Following are reviews of a handful of films that are, in this reviewer’s opinion, well worth your time. Aside from the first one, I tried to focus on older titles viewers might not be aware of – films that slipped through the cracks in their own time and have remained obscure since. These kind of hidden gems seem increasingly rare now, as the internet scours our cultural past for every last kernel worth popping. But not every good movie has the good fortune to find its champions, so without further ado, let’s get to some championing:
Motherless Brooklyn (2019) – You’ve probably heard of this one but ignored it, and I suspect that 30 years from now it’s going to be forgotten too, so consider this a pre-emptive critical strike. Edward Norton’s second directorial effort is a sweeping, old-fashioned, heavy-handed prestige film made for the big screen, with all that entails: a nearly 2 1/2-hour running time, daunting production values, literary pedigree and A-list cast. In other words, a bit of an anachronism in the straight-to-video age.
The film is based on a 1999 novel by Jonathan Lethem, a detective story concerning some shady doings at New York City Hall, in which the lead private eye has Tourette syndrome. As much as I love private eye stories, I avoided this thing when it first popped up on Redbox. Something about the prospect of a celebrated actor directing his own passion project (replete with an Oscar-bait tic like Tourette’s, no less!), while surrounding himself with noted scenery chewers Alec Baldwin, Willem Dafoe, and Bobby Cannavale put me off.
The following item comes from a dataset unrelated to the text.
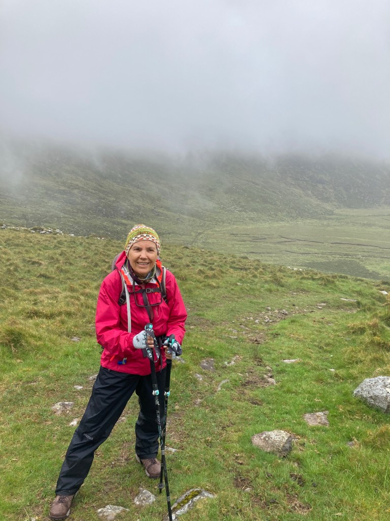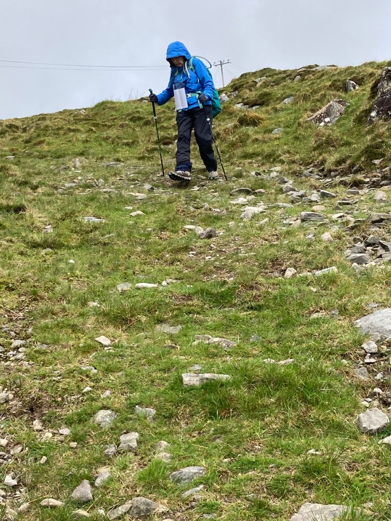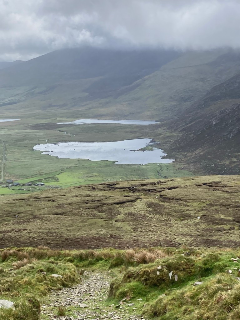 Took the 7 mile route, uphill climb through a pass, downhill through a glacier created valley and by lakes left behind by the glacier. Long climb up and extremely windy on the top. The clouds were low and flying by.

Then it turned up on Hulu and – freed from a $1.87 investment and coincidentally having 144 minutes to kill – I gave it a try and was instantly glad I did.
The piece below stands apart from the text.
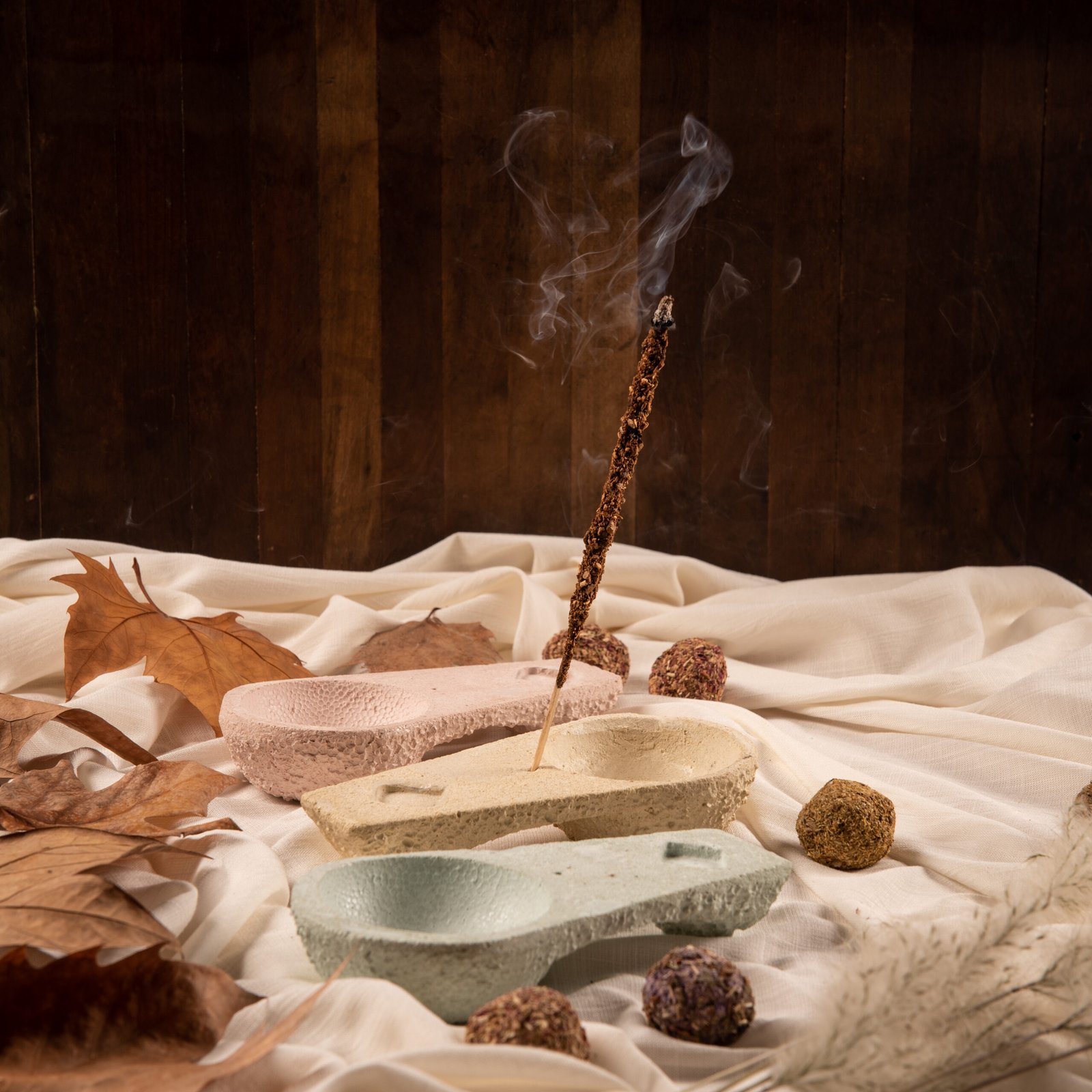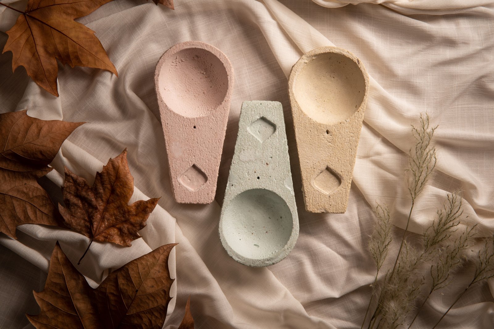 En tres colores disponible, de cemento coloreado, hechos a mano. Ideal tanto para varillas, como para bombillas o pirámides.

Every aspect of this film’s anatomy is designed for maximum entertainment value – the sets, the photography, the clothes, and especially the magnificent orchestral score. Even the Tourette’s gimmick turns out to be a smart play, adding a layer of comic relief that dependably keeps the proceedings from feeling too long or plot-heavy. The story takes place in the late 1950s, so it has that handsome period-piece vibe, and coupled with the first-rate acting, hard-boiled story, and glossy production values, it bears more than a little similarity to the new Perry Mason reboot, which has been a big critical hit for HBO. Helping matters immensely are a cracking jazz excursion performed by Wynton Marsalis and a fantastic supporting turn by Michael Kenneth Williams (Omar on The Wire – always great so see that dude turn up in a movie). The novel was set in the 1990s, but Norton apparently wanted to recast the story’s villain as a thinly veiled version of Robert Moses, the famous NY power broker who worked behind the scenes to build much of the Big Apple’s mid-20th century infrastructure. This works for a while, until it doesn’t, and it must be said that the plot is ultimately the weakest element of the film. It seems unlikely a character like Moses would go to such ridiculous lengths to cover up what turns out to be a pretty minor scandal. I think Norton could have easily cut 30 minutes from the running time too, but these are quibbles in the face of the film’s many strengths, which remind viewers why filmmakers bother to take such home-run swings in the first place.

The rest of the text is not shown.